FIX Optics paper typo #13750

qinhanmin2014 · 2019-04-30T08:34:51Z

there's a typo in OPTICS paper, see #13739 (comment), #13739 (comment)
Modify existing test to serve as regression test.
Can someone tell me how can I run tests on i686 with CI? (I hope this will fix the test failures)
Remove test_cluster_hierarchy_ since it easily fails if we change another random_state, and I don't think it's reasonable.

jnothman · 2019-04-30T08:44:10Z

Unless I'm much mistaken, Multibuild uses a i686 docker image to test on that platform. It's hard to squeeze that into our builds here, I think. Easier might be to point scikit-learn-wheels at a branch containing this patch (and #13749, #13751).

qinhanmin2014 · 2019-04-30T08:49:23Z

I prefer to include this patch in the rc, not sure whether it's possible.

adrinjalali · 2019-04-30T08:56:34Z

Any reason you're changing the tests? Are the old ones failing after this change?

adrinjalali · 2019-04-30T08:57:50Z

sklearn/cluster/tests/test_optics.py

-    assert_array_equal(clust.labels_, expected_labels)
-
-
-def test_cluster_hierarchy_():


I actually think this is a test we need to have. We have nothing else testing the hierarchy.

Yes, but this test is not reasonable IMO. Some points in C2 will also satisfy -2<=x<=2 & -2<=y<=2 so I can't understand why the expected clusters should be np.array([[0, 99], [0, 199]]).

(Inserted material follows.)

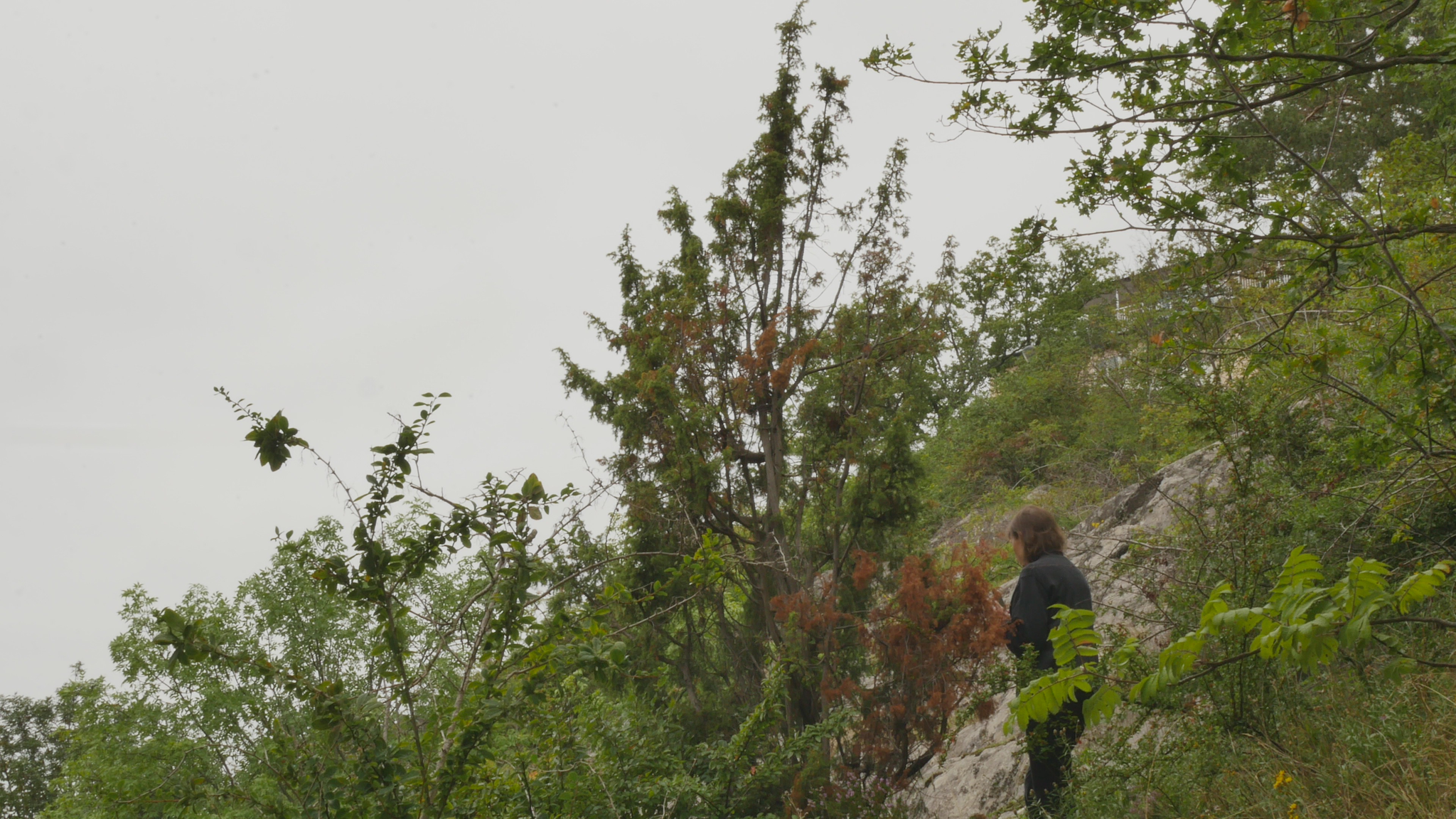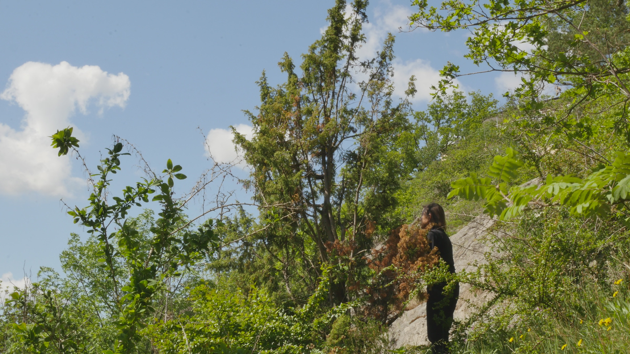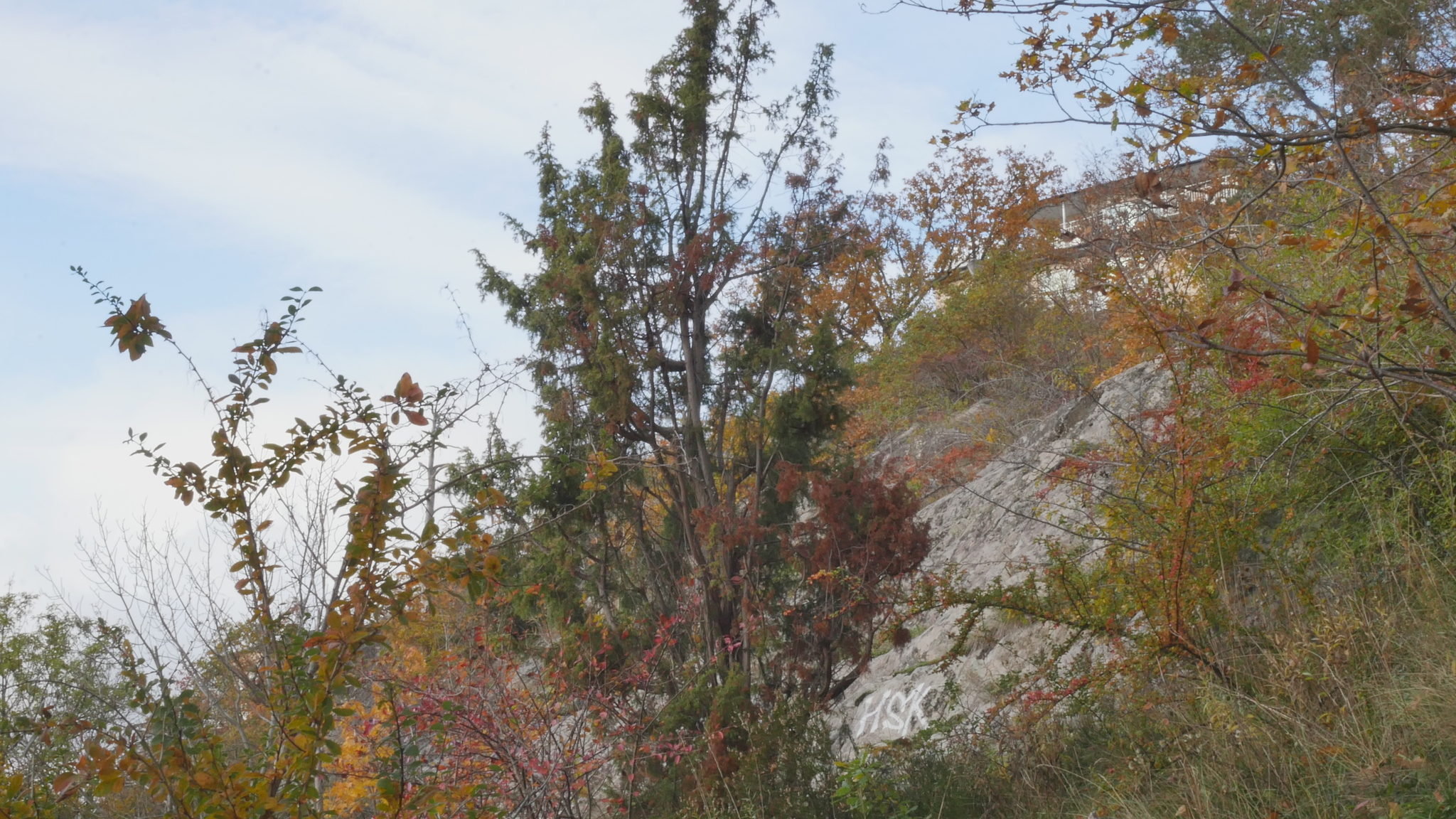 Hello, dear juniper, and happy Tuesday afternoon, 28 October. The ground is damp, so I slipped just now when I was trying to get to you. Now I'm a little confused because the dead branch, the completely brown dead branch here, is full of blue berries, ripe juniper berries, while the healthy branch here to my right has hardly any, a couple of blue ones but also a few green ones that will ripen next year. Could it be that the birds don't want the ripe berries from the brown twigs? Strange. Or maybe they can't find them. Or is it simply that the branch wanted to produce as many berries as possible before it dies completely? But it's a thick branch, so it will remain there for a long time; only the needles will fall off eventually. Well, that's not what I wanted to talk to you about. But I must say that the weather is lovely; now even the sun has come out after all the rainy days. And there's very little wind, which is nice, but it also means that the noise from the Essingeleden motorway is extremely loud. It's partly hidden by the wind, but now it's (precisely) the main sound in this area. Many of the trees are completely bare, but the alders are still green. This hawthorn behind me has yellow leaves and a few green ones, but has lost most of them, while the small bush on the left, which is apparently the same species as the one on the other side, towards the shore, which has beautiful red leaves, is protected by you here and still partly green. But it has red berries, and I really don't know what kind of bush it is. There are no new cigarette butts or piles of cigarette butts under you, but on the other hand, on the contrary, - what am I babbling today - on the other hand there are two new beer crates - beer crates, beer cans! How careless I am with my words today. But then someone has written HSK in white letters here on the rock and on the stone near the camera as well. And I don't know what HSK means here. In Helsinki, it could be the Helsinki Sailing Club, but what it means here, I have no idea. A couple of days ago, I was talking to another juniper a little further along here on Fredhällsklippan. And then I just recorded a little conversation with my phone so that I didn't get in the picture myself like I am now. And that was because I didn't come to you because I wanted to speak English, because it was a contribution to a meeting with a working group. But what might interest you, too, or our collaboration here, is that I called it a “conceptual gesture”, that is, ‘begreppsmässig gest’ in Swedish, or perhaps one should say ‘konceptuell gest’, because we talk about conceptual art, I think. Anyway, I was just thinking about how much the naming changes the meaning of what you're doing. So, I've been calling our conversations “At the juniper’s place on Fredhällsklippan”, because that's what I do here, I come and visit you at your place. But what if I were to call it a conceptual gesture? Would it be taken more seriously? Perhaps not. But I also saw, last week I saw a film installation at SKH, Stockholm University of the Arts, which was made by a doctoral student there, documentary filmmaker or filmmaker Savas Boyraz, if I'm pronouncing the name correctly. And it was his 80% seminar, and he showed an installation and then a shorter film. In both, he had used elements of fantasy, so to speak, or fiction in a way. The installation was a kind of dance film, you could say, where folk dancers were placed on a mountain or between cliffs. And the folk dance itself imitates the behaviour of certain birds. And then this was somehow emphasised in these scenes from the mountains. But then there was also a sequence showing these same folk dancers on stage. And later in the discussion, I learned that it was a Kurdish folk dance and that this particular dance has also become associated with warriors and the resistance movement and so on. But I'm not familiar with the Kurdish situation, and I think there are far fewer Kurds in Finland than here in Sweden. But what I started to think about was the possibility of using imagination. Because I made an attempt, I mean, you can't know this, but I made an attempt to use my imagination, so to speak, with two pine trees a few years ago, one here in Stockholm and one in Helsinki. And I tried to play messenger between them and send messages from one to the other. And in the end, I was quite dissatisfied with it because it felt precisely like using my imagination. It wasn't, it wasn't in any way, it wasn't ethically right, and it wasn't, well, it was kind of pretending. Because of my background, first in theatre and then in performance art, I have kind of distanced myself excessively from the fictional and focused very strongly on the idea in performance art that what happens, happens for real, what is done, is done for real – whatever that ‘for real’ may mean. And that also means that I am talking to you for real. And I don't pretend, for example, that you are answering me in Swedish, which you are not. Then one could say that I should develop my sensitivity so that I could perceive what you are answering me with my sixth sense, so to speak. But I haven't managed to do that, and I am, I have a certain distrust of it, I believe in the concrete. But the concrete does not exclude the conceptual. And what I mean by conceptual gesture is really that I am trying to offer an example of how one can relate to a juniper bush or to other living beings that are different from us. And that is an attempt or a gesture in two senses. It is partly a physical gesture, as when I’m reaching out my hand, like an invitation. But at the same time, it is also not a statement or a very strong assertion, but more of a gesture, a suggestion. Well, that gesture is partly directed at you, who are standing here now, growing and thriving, but partly, and to a large extent, it is directed at any listeners or viewers who will later watch this video or listen to the pod

Actually the test easily fails if you change a random state when generating the dataset (you don't set a random state in the test so it's difficult to reproduce)

adrinjalali · 2019-04-30T08:59:07Z

I'm a -1 on touching the tests unless there's a good reason to do so. And those changes seem irrelevant to the purpose of this PR anyway.

qinhanmin2014 · 2019-04-30T09:01:35Z

I'm a -1 on touching the tests unless there's a good reason to do so. And those changes seem irrelevant to the purpose of this PR anyway.

I need a regression test. This is why I'm modifying the test.
The original test (test_extract_xi) also passes.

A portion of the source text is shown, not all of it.